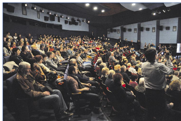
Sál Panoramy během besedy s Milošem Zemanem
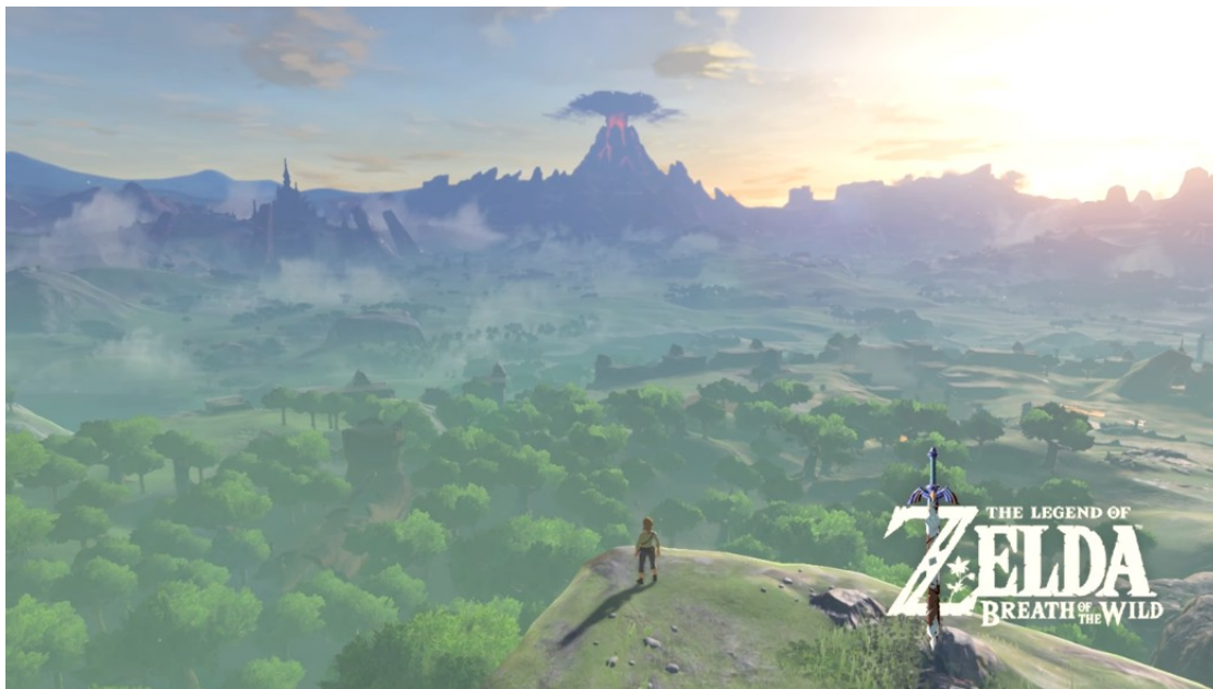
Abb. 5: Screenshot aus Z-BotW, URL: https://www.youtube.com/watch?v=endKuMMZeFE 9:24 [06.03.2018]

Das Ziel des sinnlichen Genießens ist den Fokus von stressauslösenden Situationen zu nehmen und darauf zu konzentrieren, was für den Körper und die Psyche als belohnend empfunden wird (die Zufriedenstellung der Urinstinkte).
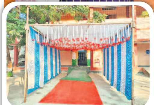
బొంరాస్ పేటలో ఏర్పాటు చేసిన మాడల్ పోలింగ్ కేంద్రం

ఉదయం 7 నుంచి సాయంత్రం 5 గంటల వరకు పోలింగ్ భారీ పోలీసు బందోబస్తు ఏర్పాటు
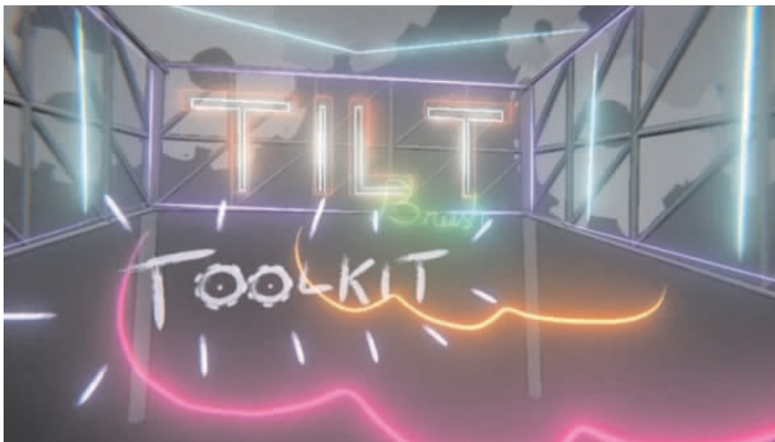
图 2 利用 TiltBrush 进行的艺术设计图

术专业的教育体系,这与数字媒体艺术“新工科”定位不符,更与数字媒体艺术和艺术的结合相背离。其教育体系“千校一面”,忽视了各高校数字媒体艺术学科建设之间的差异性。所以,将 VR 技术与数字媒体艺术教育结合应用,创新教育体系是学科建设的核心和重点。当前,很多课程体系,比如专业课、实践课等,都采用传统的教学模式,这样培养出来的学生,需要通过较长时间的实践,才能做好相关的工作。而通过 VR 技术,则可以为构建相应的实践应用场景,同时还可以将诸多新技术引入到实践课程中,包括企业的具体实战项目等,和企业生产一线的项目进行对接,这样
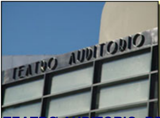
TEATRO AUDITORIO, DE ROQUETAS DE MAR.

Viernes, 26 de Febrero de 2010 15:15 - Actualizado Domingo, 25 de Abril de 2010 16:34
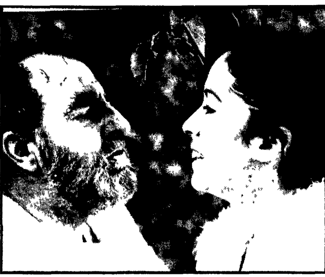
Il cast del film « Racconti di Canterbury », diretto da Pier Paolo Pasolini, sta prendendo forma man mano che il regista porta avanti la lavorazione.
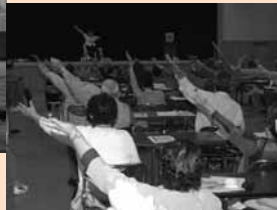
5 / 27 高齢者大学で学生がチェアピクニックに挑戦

_ _ _

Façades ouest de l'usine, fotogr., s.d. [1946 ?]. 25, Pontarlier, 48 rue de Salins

_ _ _

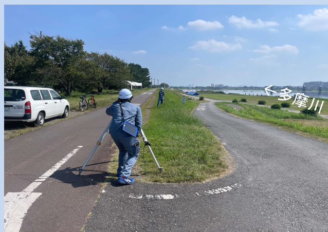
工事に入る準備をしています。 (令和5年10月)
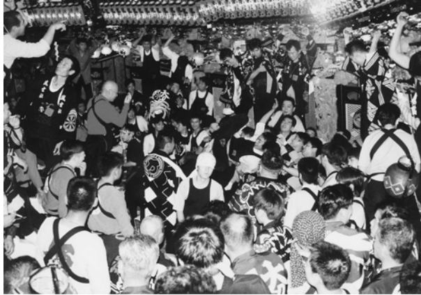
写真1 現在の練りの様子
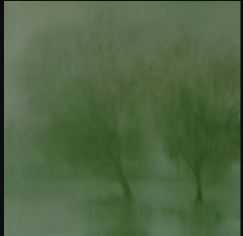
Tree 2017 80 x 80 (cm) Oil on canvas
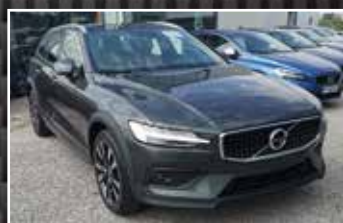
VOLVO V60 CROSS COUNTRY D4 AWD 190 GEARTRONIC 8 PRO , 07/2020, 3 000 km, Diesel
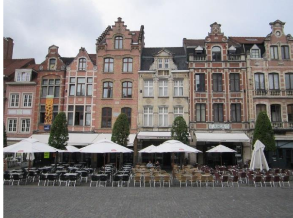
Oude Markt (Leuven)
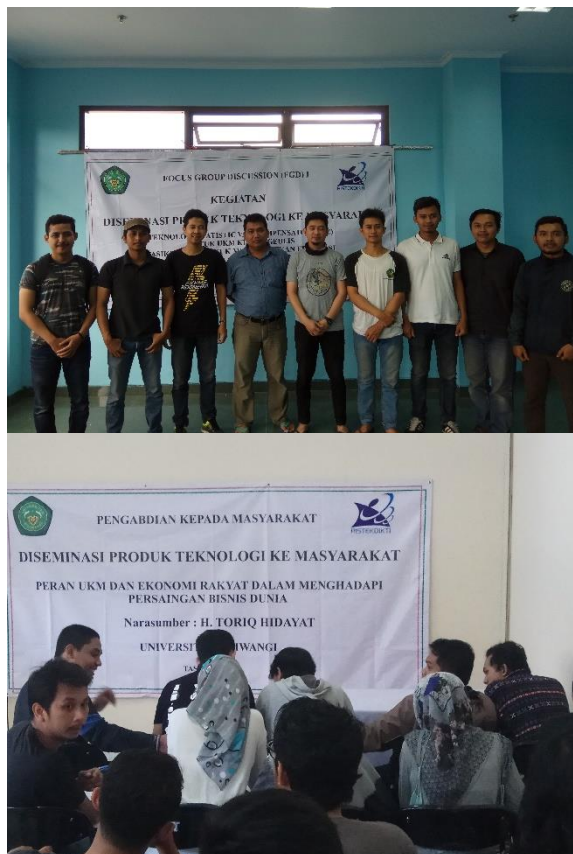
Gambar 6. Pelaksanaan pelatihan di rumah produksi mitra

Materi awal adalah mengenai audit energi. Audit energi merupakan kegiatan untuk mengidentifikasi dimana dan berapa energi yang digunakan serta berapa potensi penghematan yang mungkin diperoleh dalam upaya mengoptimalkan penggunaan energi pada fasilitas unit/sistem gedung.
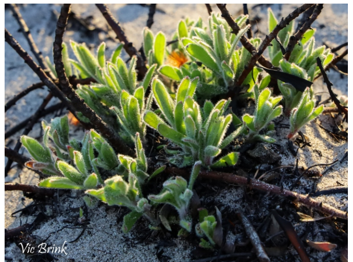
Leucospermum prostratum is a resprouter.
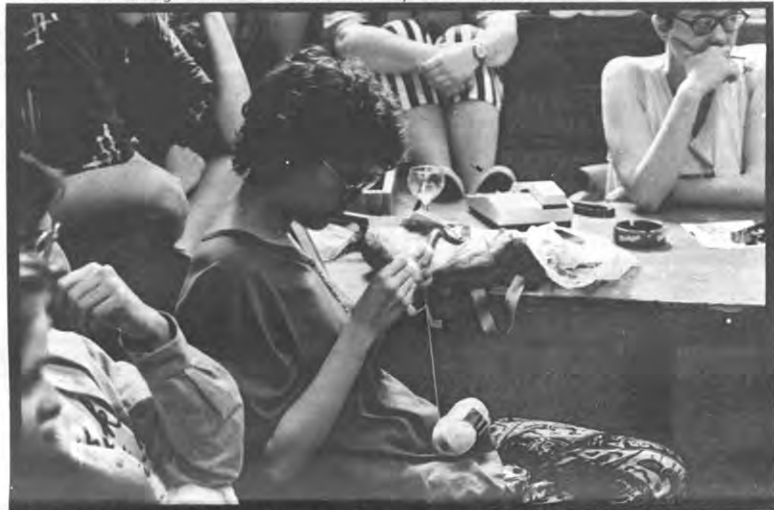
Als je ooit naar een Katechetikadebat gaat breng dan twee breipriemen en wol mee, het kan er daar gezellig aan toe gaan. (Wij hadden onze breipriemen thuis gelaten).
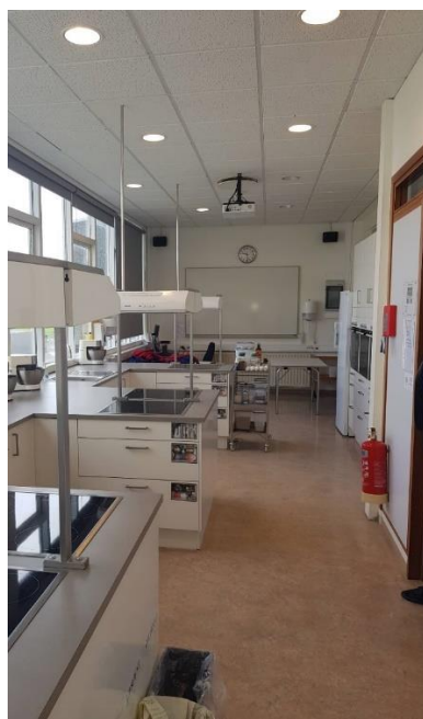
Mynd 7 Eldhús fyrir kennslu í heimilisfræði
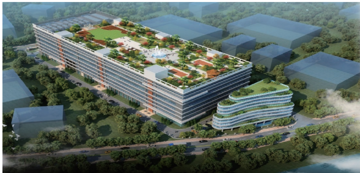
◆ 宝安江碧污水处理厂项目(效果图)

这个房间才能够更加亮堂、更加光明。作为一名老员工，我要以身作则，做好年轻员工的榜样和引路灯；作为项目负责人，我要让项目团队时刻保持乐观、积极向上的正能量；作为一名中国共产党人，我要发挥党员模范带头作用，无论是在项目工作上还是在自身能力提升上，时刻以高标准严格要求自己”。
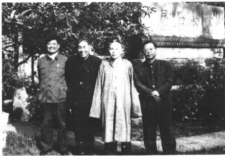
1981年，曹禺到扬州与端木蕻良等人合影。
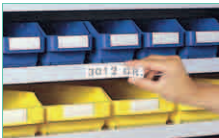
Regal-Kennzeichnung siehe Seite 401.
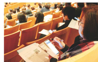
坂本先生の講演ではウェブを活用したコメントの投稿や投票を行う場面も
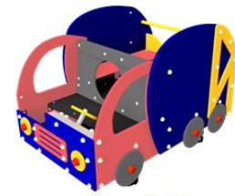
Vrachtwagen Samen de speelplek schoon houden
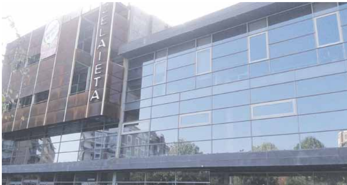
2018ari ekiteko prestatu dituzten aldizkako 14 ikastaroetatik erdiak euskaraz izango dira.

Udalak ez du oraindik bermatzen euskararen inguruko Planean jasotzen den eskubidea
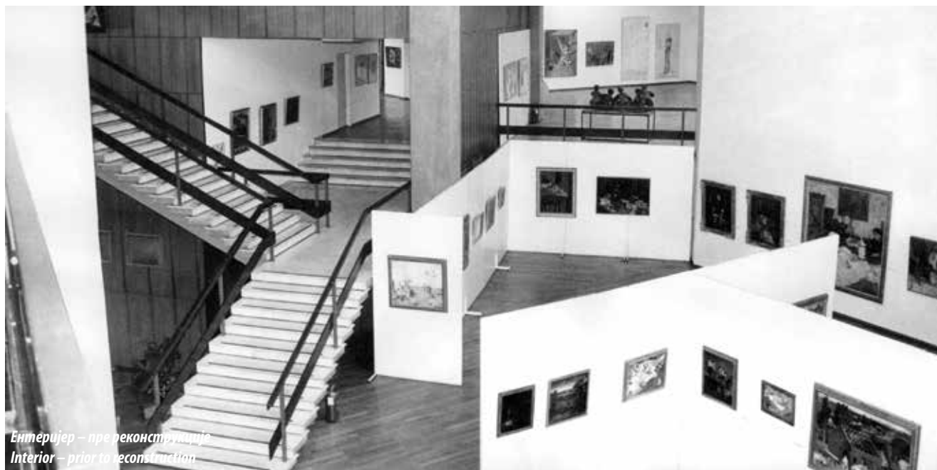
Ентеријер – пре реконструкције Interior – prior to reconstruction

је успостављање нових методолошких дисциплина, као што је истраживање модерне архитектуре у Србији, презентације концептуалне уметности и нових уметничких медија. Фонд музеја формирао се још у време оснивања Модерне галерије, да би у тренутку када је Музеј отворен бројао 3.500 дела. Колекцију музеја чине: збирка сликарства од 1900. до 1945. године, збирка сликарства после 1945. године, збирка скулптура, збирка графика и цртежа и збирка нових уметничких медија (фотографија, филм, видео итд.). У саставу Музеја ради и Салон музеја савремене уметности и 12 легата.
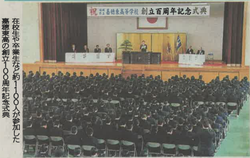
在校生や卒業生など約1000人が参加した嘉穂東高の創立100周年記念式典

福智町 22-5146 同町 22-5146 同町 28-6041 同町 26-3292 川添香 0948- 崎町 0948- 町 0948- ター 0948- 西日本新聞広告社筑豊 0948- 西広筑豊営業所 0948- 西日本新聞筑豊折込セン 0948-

_ _ _

- **Your task**: Output exactly the lines above, beginning at the one with "2018ari ekiteko prestatu" and stopping after the one with "Ентеријер – пре". Pictures are to be omitted.

- **Written reply**:
2018ari ekiteko prestatu dituzten aldizkako 14 ikastaroetatik erdiak euskaraz izango dira.

Udalak ez du oraindik bermatzen euskararen inguruko Planean jasotzen den eskubidea
Ентеријер – пре реконструкције Interior – prior to reconstruction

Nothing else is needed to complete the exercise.